# DESCRIPTION OF THE TASK:
Below are the entries; give again exactly the lines from the one mentioning "お昼ご飯は「田子の浦港」の漁協食堂の生しらす丼" through the one mentioning "- RESISTENTE Y", inclusive.

# SOURCE MATERIAL:
↓↓↓
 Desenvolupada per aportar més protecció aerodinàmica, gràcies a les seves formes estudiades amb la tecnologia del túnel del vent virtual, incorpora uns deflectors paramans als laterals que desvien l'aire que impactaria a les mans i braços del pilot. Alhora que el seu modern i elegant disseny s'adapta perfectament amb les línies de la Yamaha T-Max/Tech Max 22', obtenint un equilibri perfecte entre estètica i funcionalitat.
↑↑↑
↓↓↓
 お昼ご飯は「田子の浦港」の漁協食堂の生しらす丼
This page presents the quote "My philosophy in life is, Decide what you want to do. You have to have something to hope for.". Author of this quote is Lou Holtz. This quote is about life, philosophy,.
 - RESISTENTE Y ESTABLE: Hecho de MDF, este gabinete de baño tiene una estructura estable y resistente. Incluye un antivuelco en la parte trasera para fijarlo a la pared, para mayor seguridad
↑↑↑
# RESPONSE AREA:
 お昼ご飯は「田子の浦港」の漁協食堂の生しらす丼
This page presents the quote "My philosophy in life is, Decide what you want to do. You have to have something to hope for.". Author of this quote is Lou Holtz. This quote is about life, philosophy,.
 - RESISTENTE Y ESTABLE: Hecho de MDF, este gabinete de baño tiene una estructura estable y resistente. Incluye un antivuelco en la parte trasera para fijarlo a la pared, para mayor seguridad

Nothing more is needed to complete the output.